Below is a listing; retype exactly the lines between the one containing "(k≠0)图象上的两个点,当" and the one containing "INSTALL by using", inclusive, minus the pictures.

[MATERIAL FOR THIS EXERCISE]

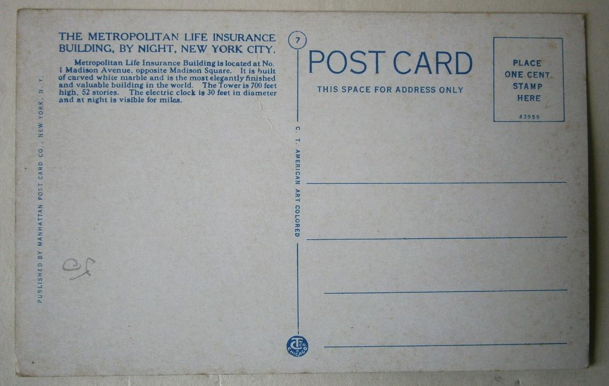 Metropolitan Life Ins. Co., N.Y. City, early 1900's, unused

[/MATERIAL FOR THIS EXERCISE]
[MATERIAL FOR THIS EXERCISE]

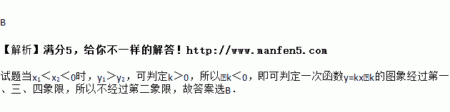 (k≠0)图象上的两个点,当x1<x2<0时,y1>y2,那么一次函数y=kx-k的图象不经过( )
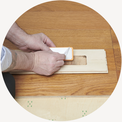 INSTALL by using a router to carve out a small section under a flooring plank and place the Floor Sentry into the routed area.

[/MATERIAL FOR THIS EXERCISE]

▶ EXPECTED ANSWER:
 (k≠0)图象上的两个点,当x1<x2<0时,y1>y2,那么一次函数y=kx-k的图象不经过( )
 INSTALL by using a router to carve out a small section under a flooring plank and place the Floor Sentry into the routed area.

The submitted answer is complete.